### Assigned task:
All lines in the data below carrying the string "systems" are to be located and copied.

### Materials provided:

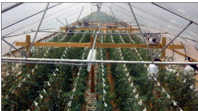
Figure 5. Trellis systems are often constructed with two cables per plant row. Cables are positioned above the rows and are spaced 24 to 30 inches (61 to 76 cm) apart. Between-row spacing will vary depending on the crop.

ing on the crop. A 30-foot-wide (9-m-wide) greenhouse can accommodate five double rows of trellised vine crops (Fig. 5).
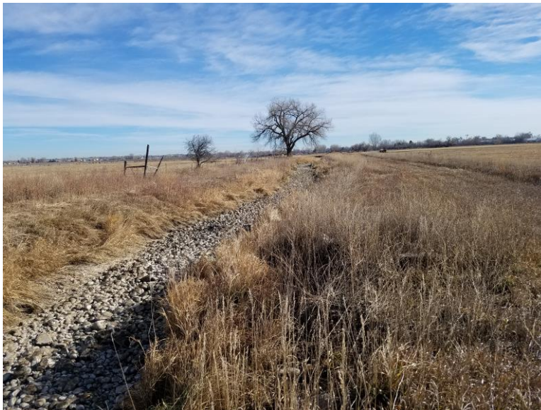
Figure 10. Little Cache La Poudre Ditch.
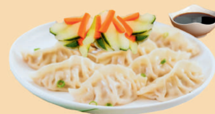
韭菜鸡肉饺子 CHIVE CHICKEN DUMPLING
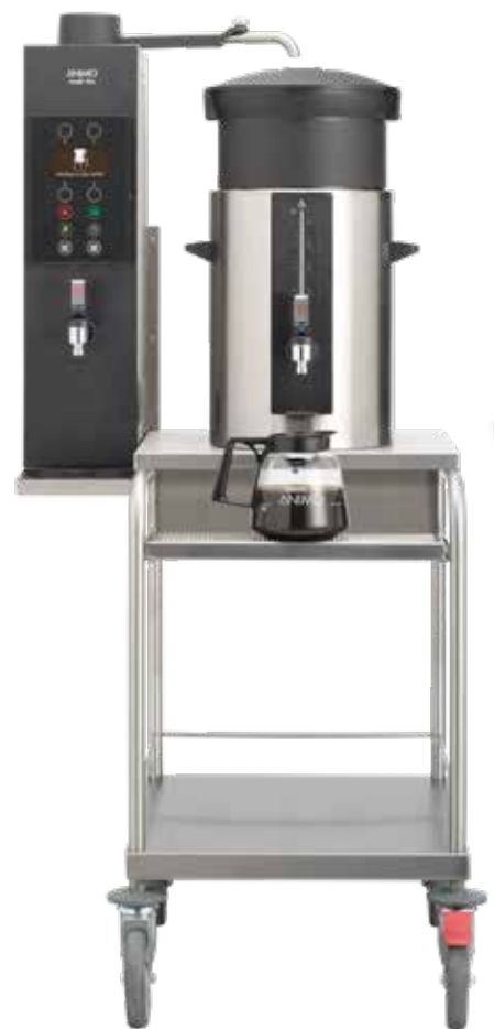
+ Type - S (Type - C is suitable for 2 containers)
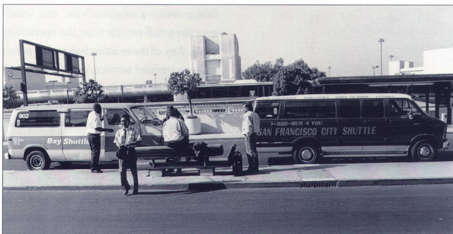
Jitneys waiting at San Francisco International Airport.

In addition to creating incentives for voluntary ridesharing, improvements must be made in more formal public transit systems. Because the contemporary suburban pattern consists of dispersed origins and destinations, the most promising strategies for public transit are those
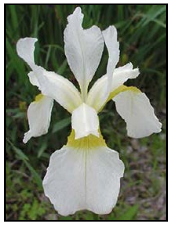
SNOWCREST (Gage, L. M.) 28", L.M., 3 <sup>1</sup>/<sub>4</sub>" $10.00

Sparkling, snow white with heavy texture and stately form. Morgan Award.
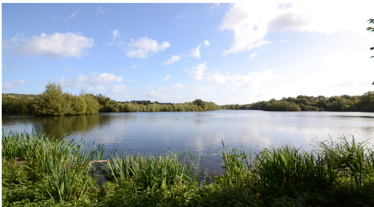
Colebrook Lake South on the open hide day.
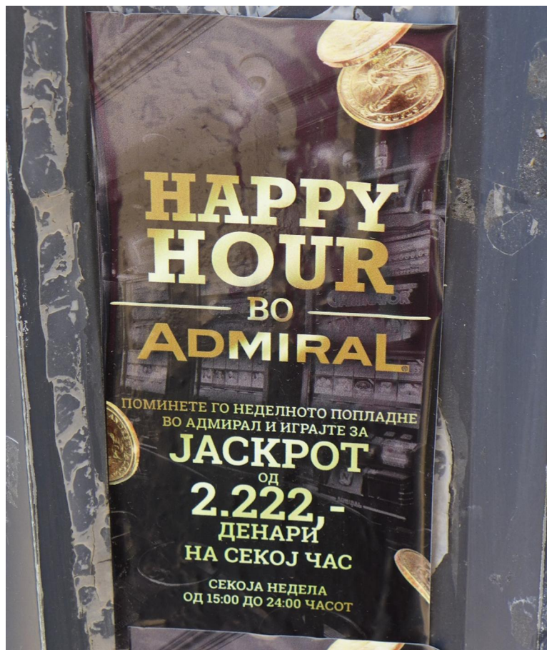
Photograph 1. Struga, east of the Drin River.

### Expected answer:
Figure 5. Trellis systems are often constructed with two cables per plant row. Cables are positioned above the rows and are spaced 24 to 30 inches (61 to 76 cm) apart. Between-row spacing will vary depending on the crop.
In addition to creating incentives for voluntary ridesharing, improvements must be made in more formal public transit systems. Because the contemporary suburban pattern consists of dispersed origins and destinations, the most promising strategies for public transit are those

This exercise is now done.